D.L. further argues that the Division failed to consider her parents as a possible placement for T.L.B.; however, the Division did consider D.L.'s parents but determined that the placement was inappropriate because the grandparents were in their seventies and had medical problems. Although D.L.'s mother testified at trial that she was willing and able to assume responsibility for T.L.B.'s care, her testimony was at variance with the position she took when the Division first considered her as a caregiver. In any event, given their advanced ages and medical problems, the record supports the judge's finding that T.L.B.'s maternal grandparents were incapable of providing the child with the care that he requires.
We also reject D.L.'s assertion that the Division should have considered the maternal grandparents as kinship legal guardians, which may be appropriate if adoption is "neither feasible nor likely." N.J.S.A. 3B:12A-6(d)(3). Because T.L.B.'s foster parents have expressed an interest in adopting him, kinship legal guardianship was not an option in this case.

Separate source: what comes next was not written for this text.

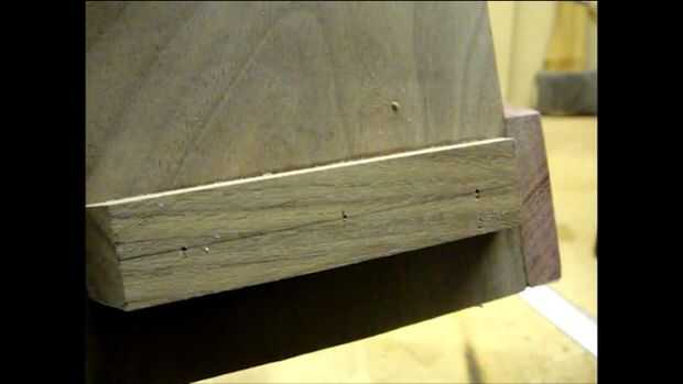 • Los agujeros para el estante y las piernas del corazón púrpura son diferentes profundidades usé negro para marcar la profundidad de los tacos de corazón púrpura y la cinta azul para las clavijas del estante.

D.L. additionally contends that the judge erred by finding that termination of her parental rights will not do more harm than good. In our judgment, this contention is without merit. Here, Dr. Chaney testified that there was no significant bond between D.L. and T.L.B. Dr. Chaney also said that T.L.B. was "attached" to his foster parents and would be harmed if he were removed from the foster home. Defendant's expert, psychologist Dr. Robert Tannenbaum, testified that T.L.B. knew his mother as a "benign influence" and that the bond between them was "evolving slowly." He stated that "at some point," D.L. "might qualify" to take on parenting responsibilities. In light of this evidence, the judge properly found that termination of D.L.'s parental rights would not do more harm than good.
We have considered D.L.'s other contentions and find them to be of insufficient merit to warrant discussion in this opinion. R. 2:11-3(e)(1)(E).